→ **Exercise details**
Where the line containing "Pamuklu, uzun ve" appears, begin retyping; continue exactly through the final line of the data. Omit every picture.

═════ Data ═════

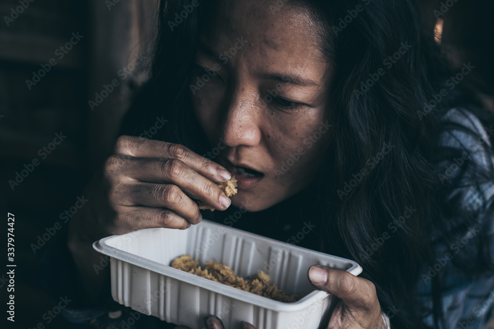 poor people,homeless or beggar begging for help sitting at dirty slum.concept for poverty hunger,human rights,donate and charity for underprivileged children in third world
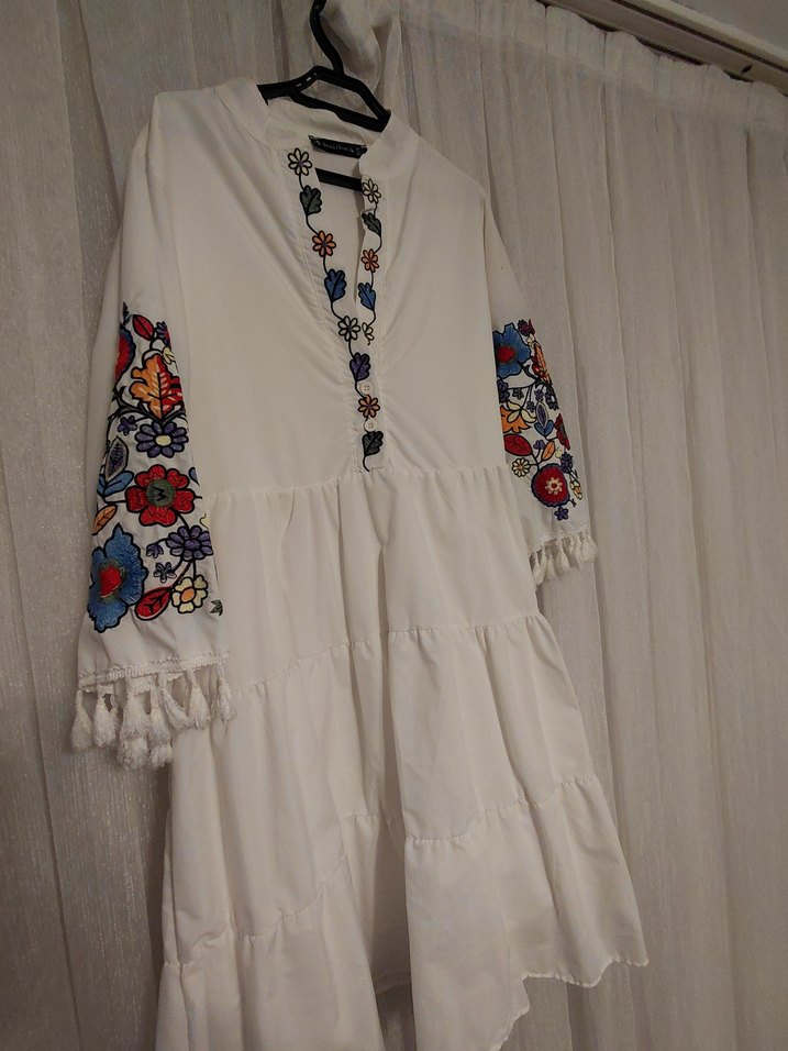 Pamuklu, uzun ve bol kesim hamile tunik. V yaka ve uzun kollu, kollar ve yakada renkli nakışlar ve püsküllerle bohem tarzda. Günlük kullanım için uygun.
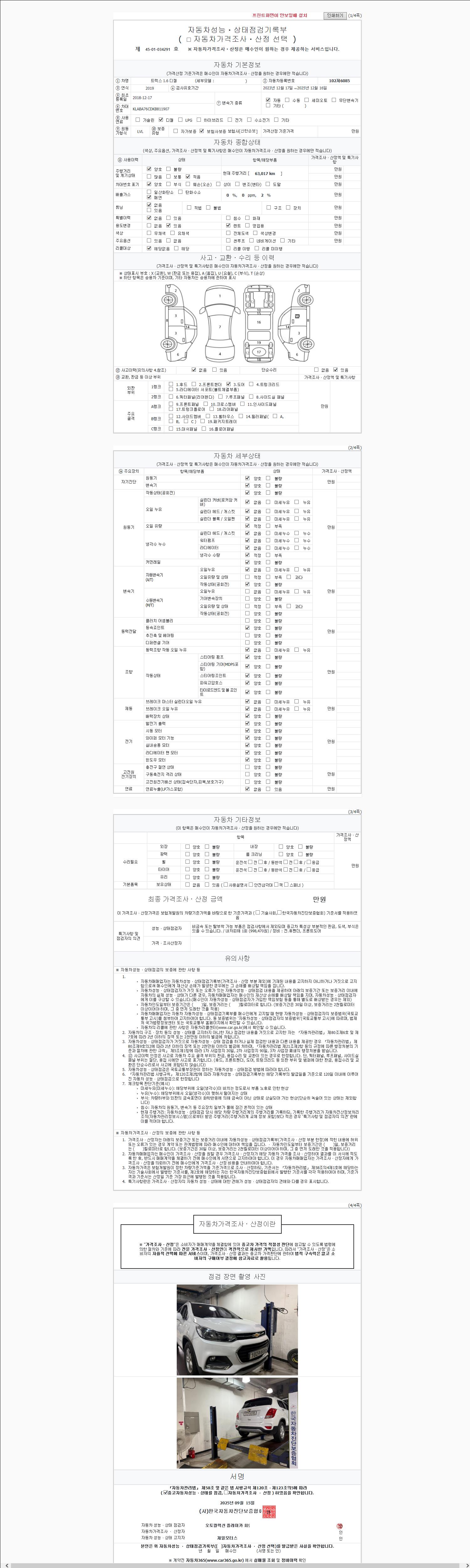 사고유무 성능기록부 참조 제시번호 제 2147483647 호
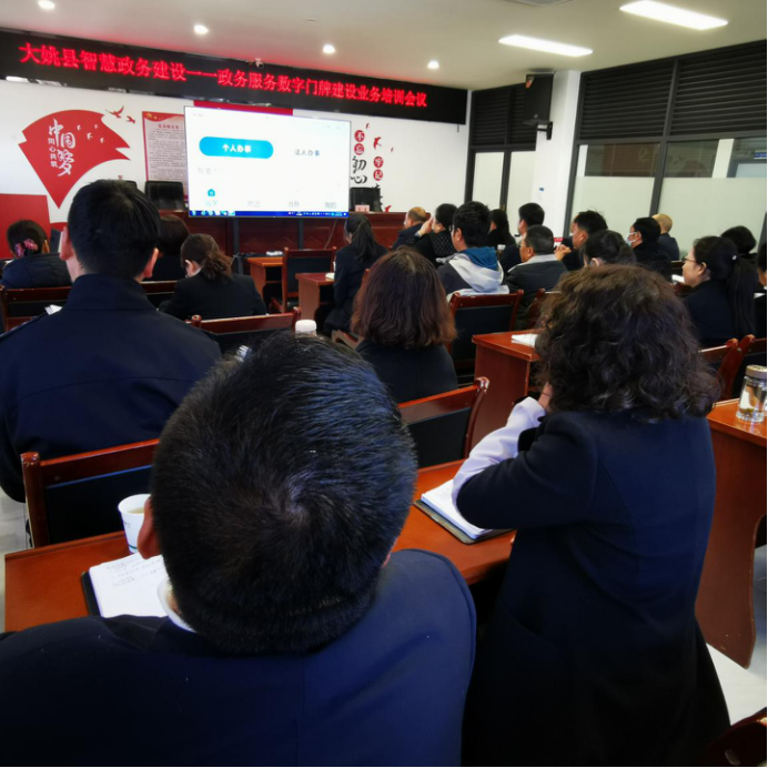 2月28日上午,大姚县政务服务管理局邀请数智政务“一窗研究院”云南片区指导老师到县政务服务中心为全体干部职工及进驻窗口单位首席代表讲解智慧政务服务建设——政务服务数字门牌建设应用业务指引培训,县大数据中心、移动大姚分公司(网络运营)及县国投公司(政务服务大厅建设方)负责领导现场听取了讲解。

═════

→ **Output of the task**
 Pamuklu, uzun ve bol kesim hamile tunik. V yaka ve uzun kollu, kollar ve yakada renkli nakışlar ve püsküllerle bohem tarzda. Günlük kullanım için uygun.
 사고유무 성능기록부 참조 제시번호 제 2147483647 호
 2月28日上午,大姚县政务服务管理局邀请数智政务“一窗研究院”云南片区指导老师到县政务服务中心为全体干部职工及进驻窗口单位首席代表讲解智慧政务服务建设——政务服务数字门牌建设应用业务指引培训,县大数据中心、移动大姚分公司(网络运营)及县国投公司(政务服务大厅建设方)负责领导现场听取了讲解。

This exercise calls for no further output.